■ **Data shown**
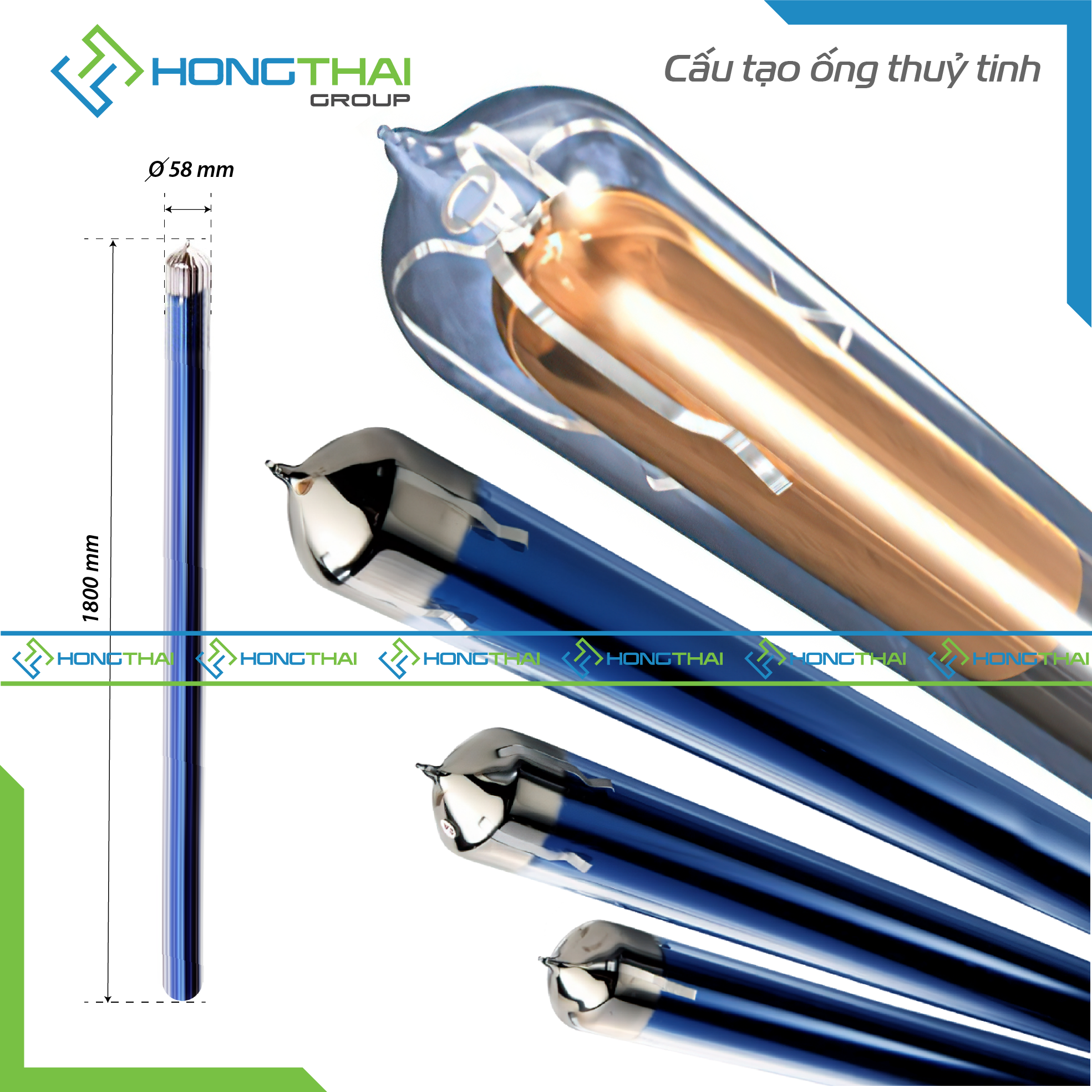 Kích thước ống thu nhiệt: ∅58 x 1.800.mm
---
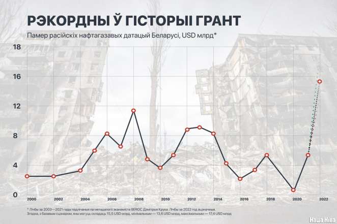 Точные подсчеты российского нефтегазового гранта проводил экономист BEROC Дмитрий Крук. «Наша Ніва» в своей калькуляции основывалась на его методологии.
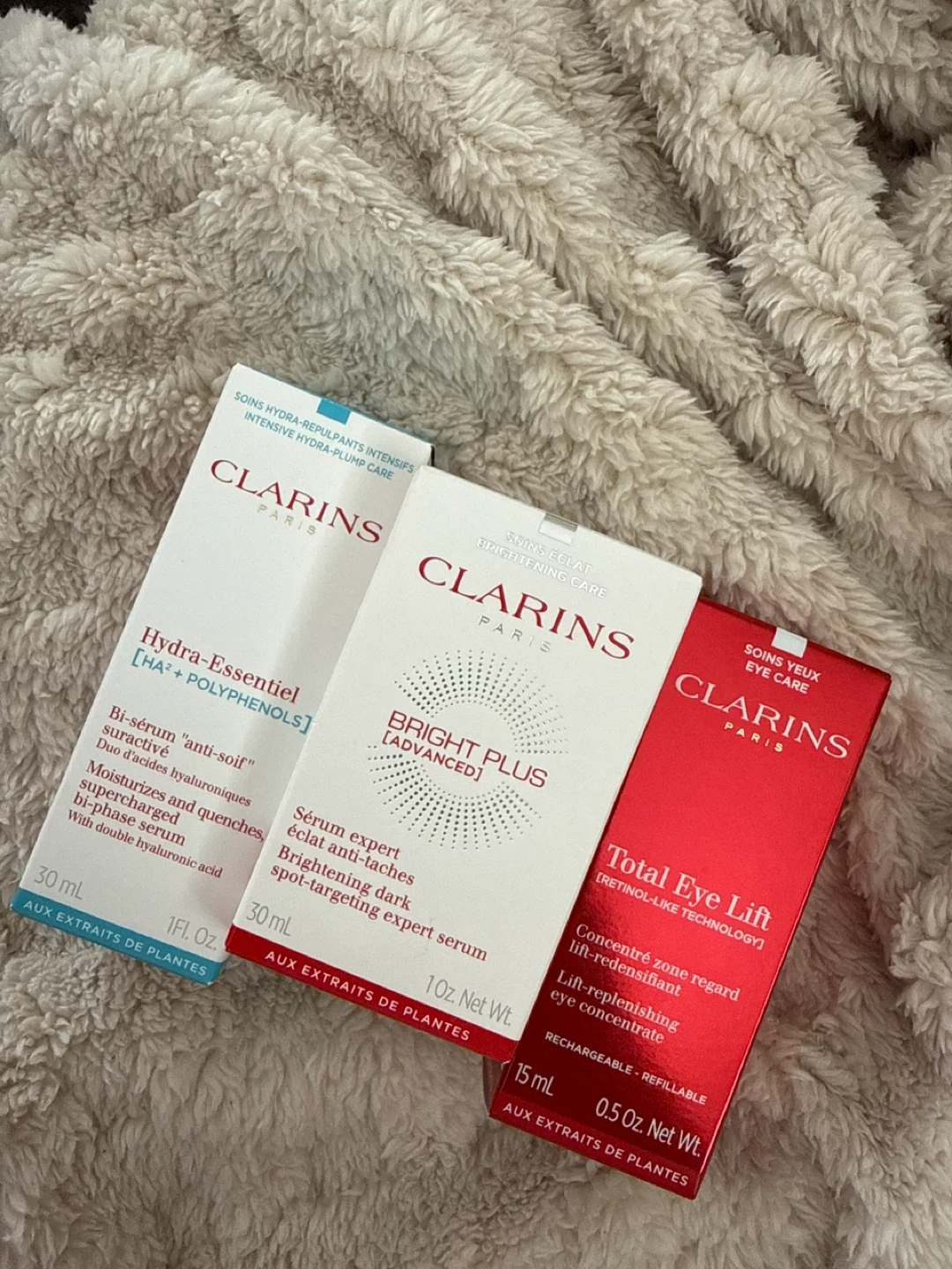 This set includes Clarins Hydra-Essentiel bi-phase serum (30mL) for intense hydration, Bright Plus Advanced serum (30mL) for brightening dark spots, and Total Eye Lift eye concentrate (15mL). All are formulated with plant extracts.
--
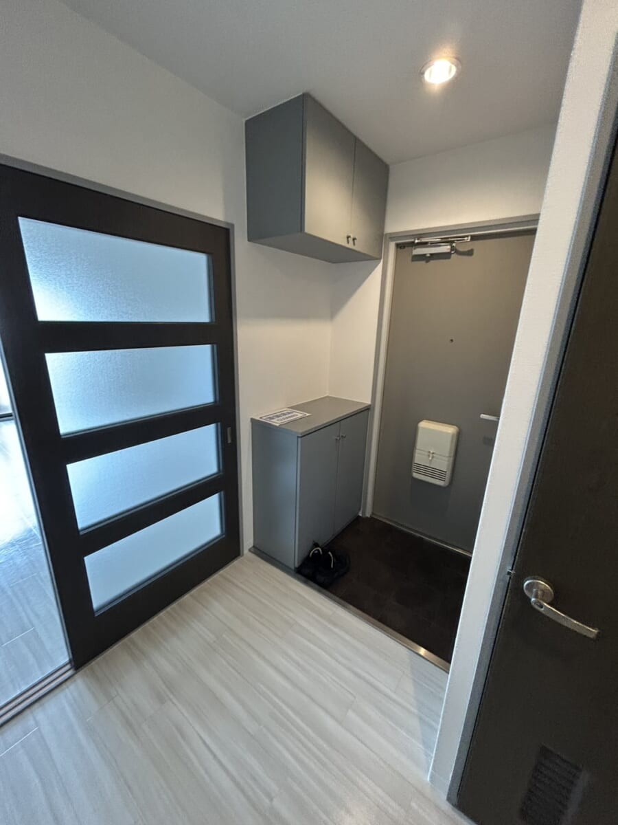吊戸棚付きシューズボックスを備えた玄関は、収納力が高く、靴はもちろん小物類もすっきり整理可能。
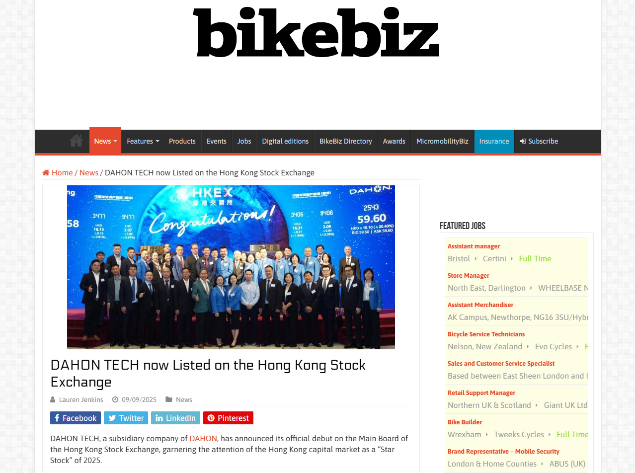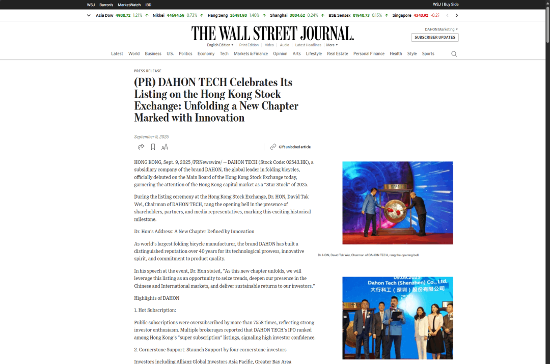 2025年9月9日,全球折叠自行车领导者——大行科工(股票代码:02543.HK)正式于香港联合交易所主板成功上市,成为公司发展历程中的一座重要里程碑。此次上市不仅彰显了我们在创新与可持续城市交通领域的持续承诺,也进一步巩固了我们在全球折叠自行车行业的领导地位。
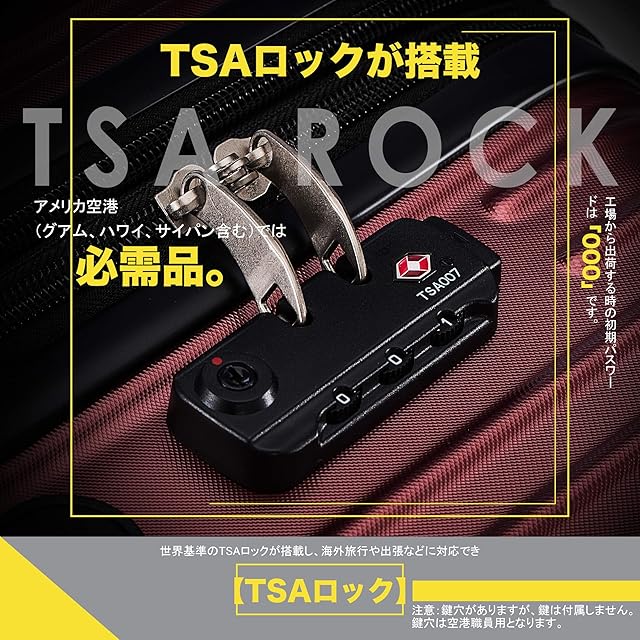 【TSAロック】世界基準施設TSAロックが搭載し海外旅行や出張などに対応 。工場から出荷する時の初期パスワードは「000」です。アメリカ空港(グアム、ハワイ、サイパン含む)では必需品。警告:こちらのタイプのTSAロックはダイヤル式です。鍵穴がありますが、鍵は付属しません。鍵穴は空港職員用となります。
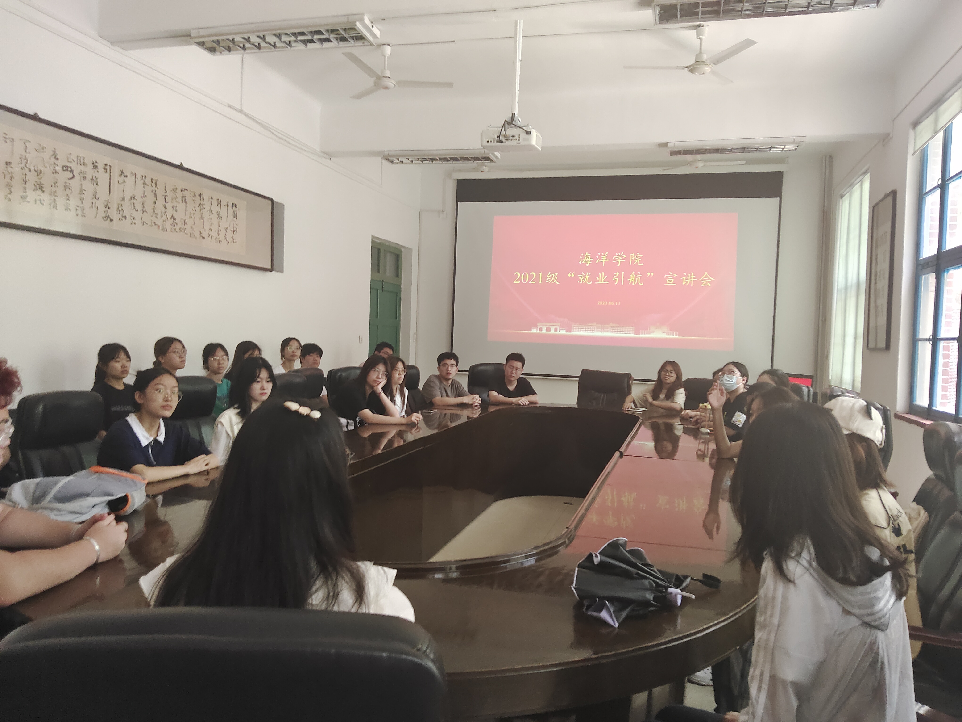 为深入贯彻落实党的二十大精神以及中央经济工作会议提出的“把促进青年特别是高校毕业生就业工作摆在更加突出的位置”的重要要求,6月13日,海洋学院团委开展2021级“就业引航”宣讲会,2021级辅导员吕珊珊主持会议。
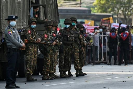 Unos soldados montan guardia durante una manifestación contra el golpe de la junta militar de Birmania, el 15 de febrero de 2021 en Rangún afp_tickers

■ **Exercise**
Pictures aside, return exactly the lines from the data above, starting at the line that has "为深入贯彻落实党的二十大精神" and ending at the line that has "Unos soldados montan", both included.

■ **Task output**
 为深入贯彻落实党的二十大精神以及中央经济工作会议提出的“把促进青年特别是高校毕业生就业工作摆在更加突出的位置”的重要要求,6月13日,海洋学院团委开展2021级“就业引航”宣讲会,2021级辅导员吕珊珊主持会议。
 Unos soldados montan guardia durante una manifestación contra el golpe de la junta militar de Birmania, el 15 de febrero de 2021 en Rangún afp_tickers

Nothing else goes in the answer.